Aim of the exercise:
Each line from the opening of the material through the line holding "- It’s best" needs to be returned exactly, with the pictures left out.

===== Data =====

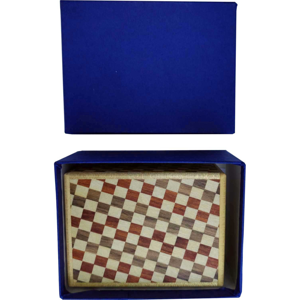 Himitsu Bako, made using traditional marquetry techniques from the Akone region, features checkerboard patterns.
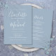 Med signaturstilnamn kan denna eleganta dammblå bröllopsinbjudan anpassas med all din speciella bröllopsinformation på baksidan, inklusive din RSVP, boende och ytterligare detaljer. Designad av Thisisnotme©
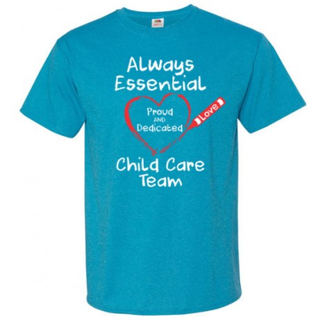 It's about time the world knows and acknowledges how ESSENTIAL child care providers are! Now you can feel recognized and so proud of this fabulous industry that you're in by wearing one of our custom designed T-shirts, hoodies and more. These designs were brought to life by people who LOVE the child care industry and want the the world to know that ESSENTIAL is who they are before, during and even after this pandemic is over.
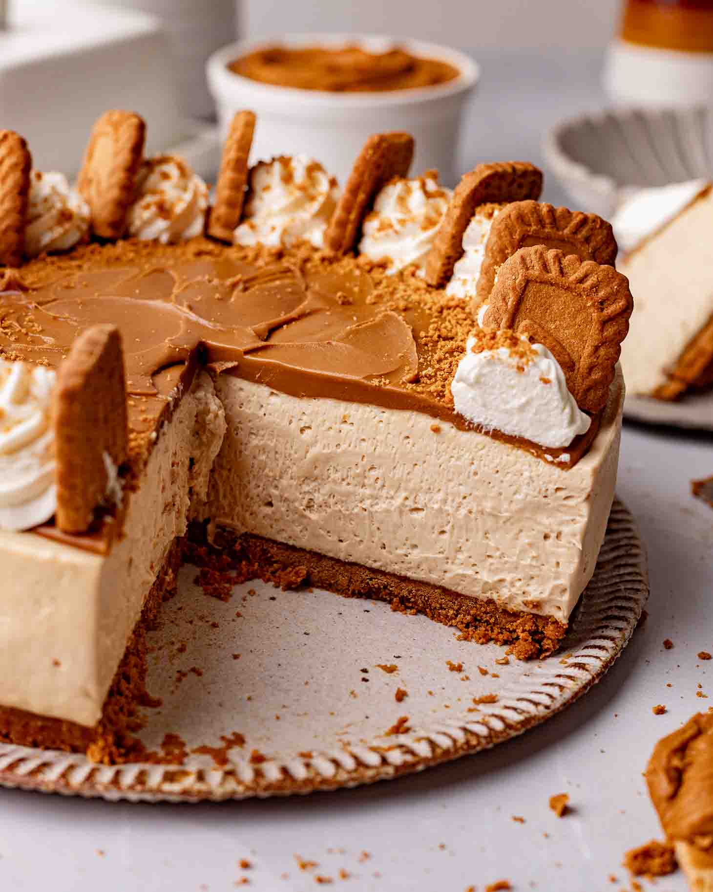 - It’s best to decorate this cheesecake just before serving but if you’re bringing this to an event, the whipped cream and Biscoff cookie decorations are at their best within 2-4 hours. After this time, the cream will begin to deflate and the cookies will soften.
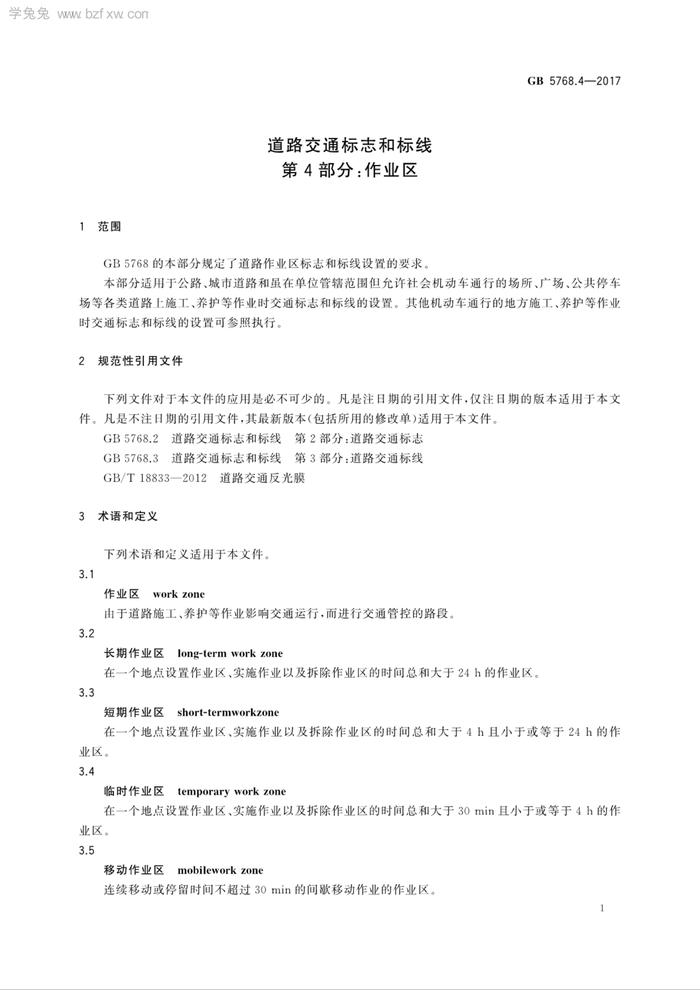 GB 57684-2017 道路交通標(biāo)志和標(biāo)線 第4部分作業(yè)區(qū)pdf
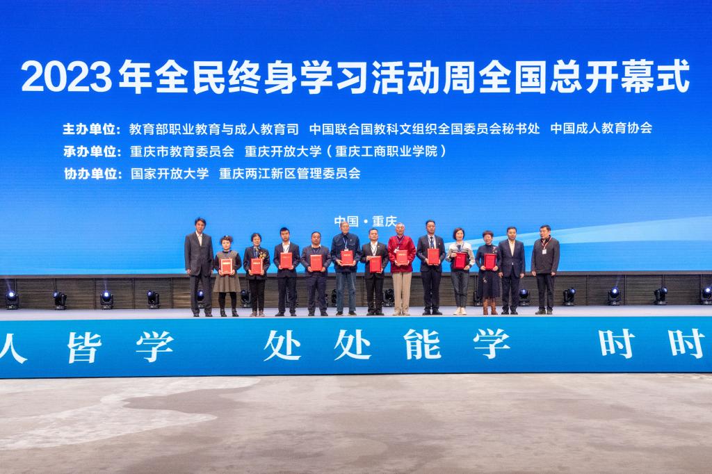 本网讯(通讯员 陈佳 文/图)11月14日,2023年全民终身学习活动周全国总开幕式在重庆举行,我省“事迹特别感人的百姓学习之星”获得者、“特别受百姓喜爱的终身学习品牌项目”负责人受到表彰。湖北省教育厅二级巡视员何爱军、职成处处长余弢,学校副校长汤春来、社区教育学院院长万婷受邀参加开幕式。
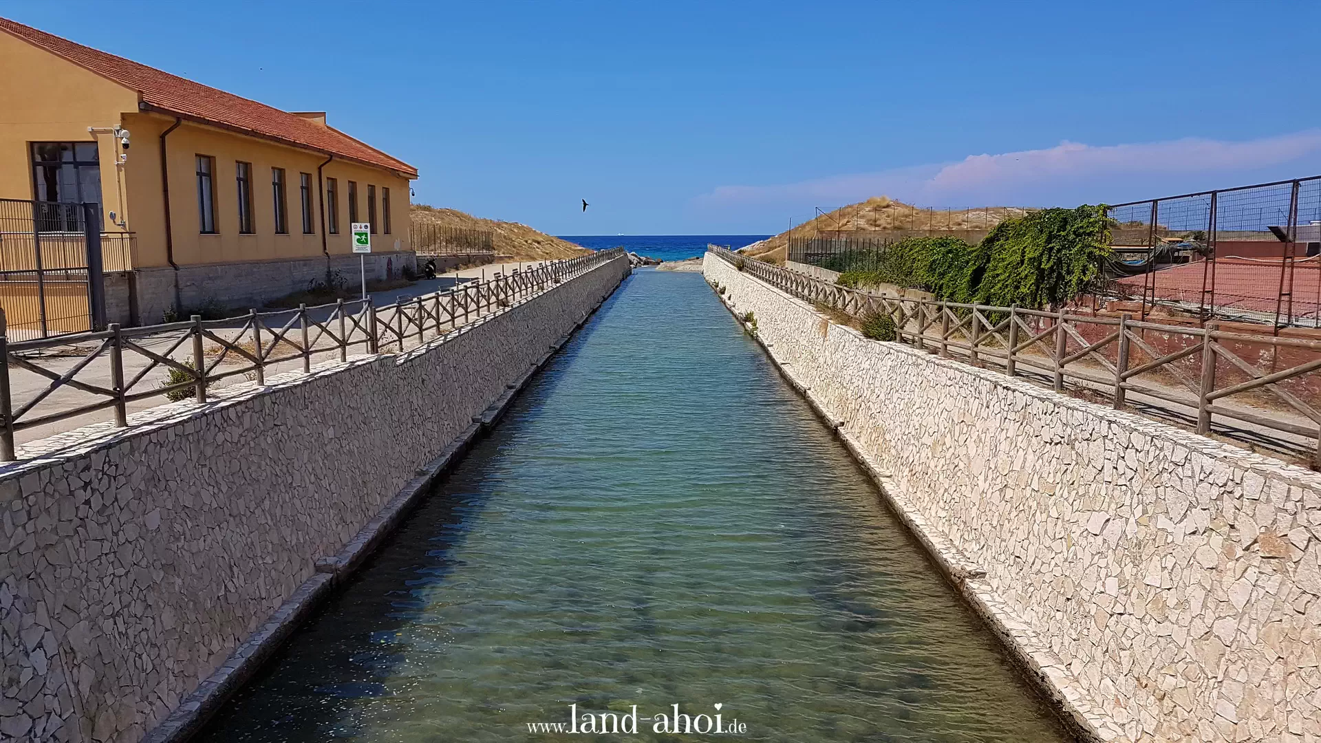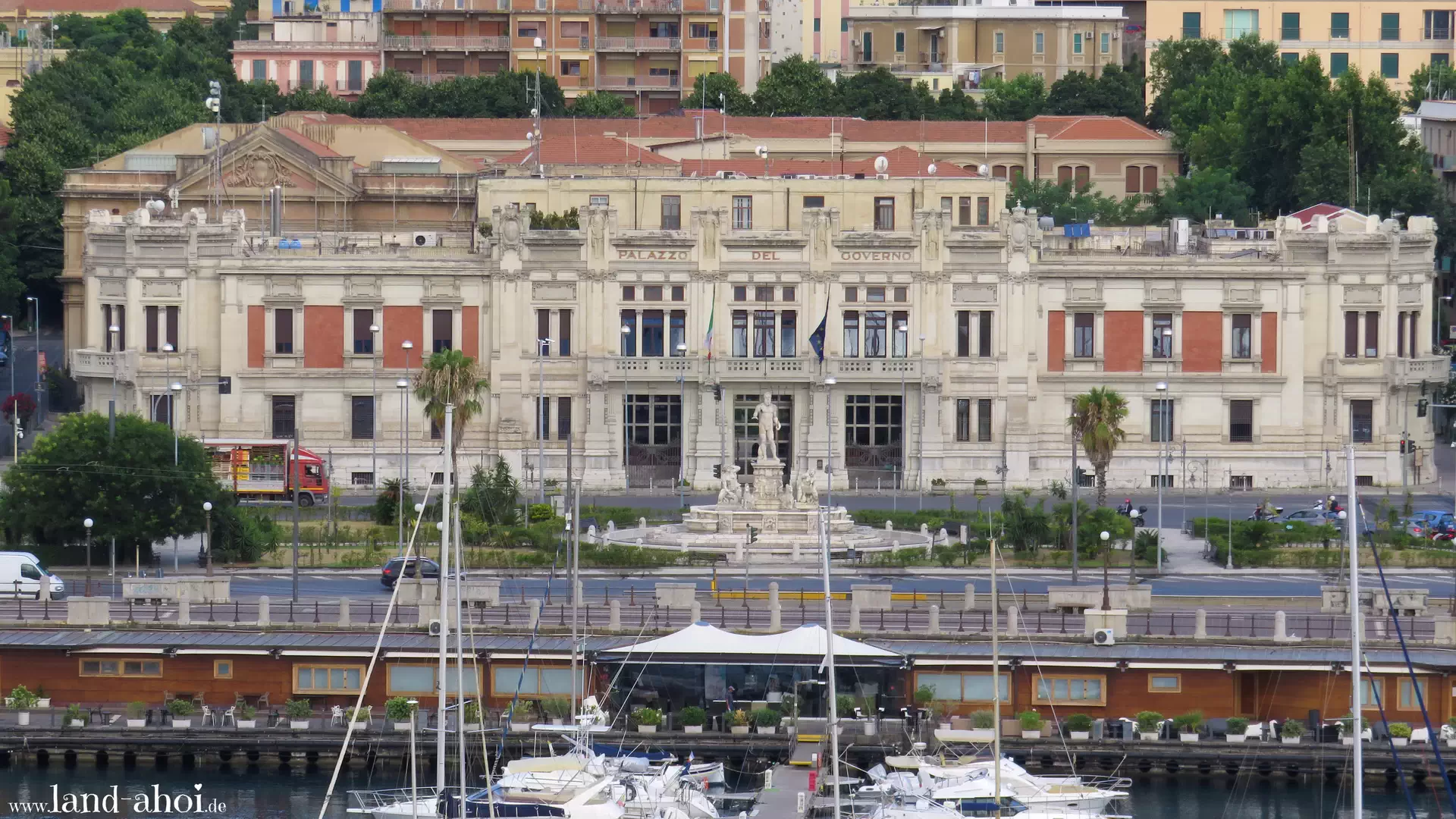 An der Hafeneinfahrt sticht der mächtige Campana-Turm mit der auf ihm thronenden Schutzpatronin der Stadt, der Madonna della Lettera ins Auge. Im Jahre 1934 eingeweiht, erreicht die mächtige Säule mit der goldfarbenen Figur eine Höhe von 60 Meter. Die Kugel selbst besitzt einen Durchmesser von 2,60 Meter und der Schriftzug “Vos et ipsam civitatem benedicimus” am Fuße der Säule bedeutet “Ich segne euch und eure Stadt”. Das Bauwerk befindet sich an der Spitze der sichelförmigen Halbinsel, die heute zu großen Teilen von der italienischen Marine genutzt wird und leider nur zu besonderen Anlässen zugänglich ist. Hier entstand bereits 1546 die Festung San Salvatore, von der unter anderem der kräftige Wall erhalten blieb.

=====

Response area:
 Himitsu Bako, made using traditional marquetry techniques from the Akone region, features checkerboard patterns.
 Med signaturstilnamn kan denna eleganta dammblå bröllopsinbjudan anpassas med all din speciella bröllopsinformation på baksidan, inklusive din RSVP, boende och ytterligare detaljer. Designad av Thisisnotme©
 It's about time the world knows and acknowledges how ESSENTIAL child care providers are! Now you can feel recognized and so proud of this fabulous industry that you're in by wearing one of our custom designed T-shirts, hoodies and more. These designs were brought to life by people who LOVE the child care industry and want the the world to know that ESSENTIAL is who they are before, during and even after this pandemic is over.
 - It’s best to decorate this cheesecake just before serving but if you’re bringing this to an event, the whipped cream and Biscoff cookie decorations are at their best within 2-4 hours. After this time, the cream will begin to deflate and the cookies will soften.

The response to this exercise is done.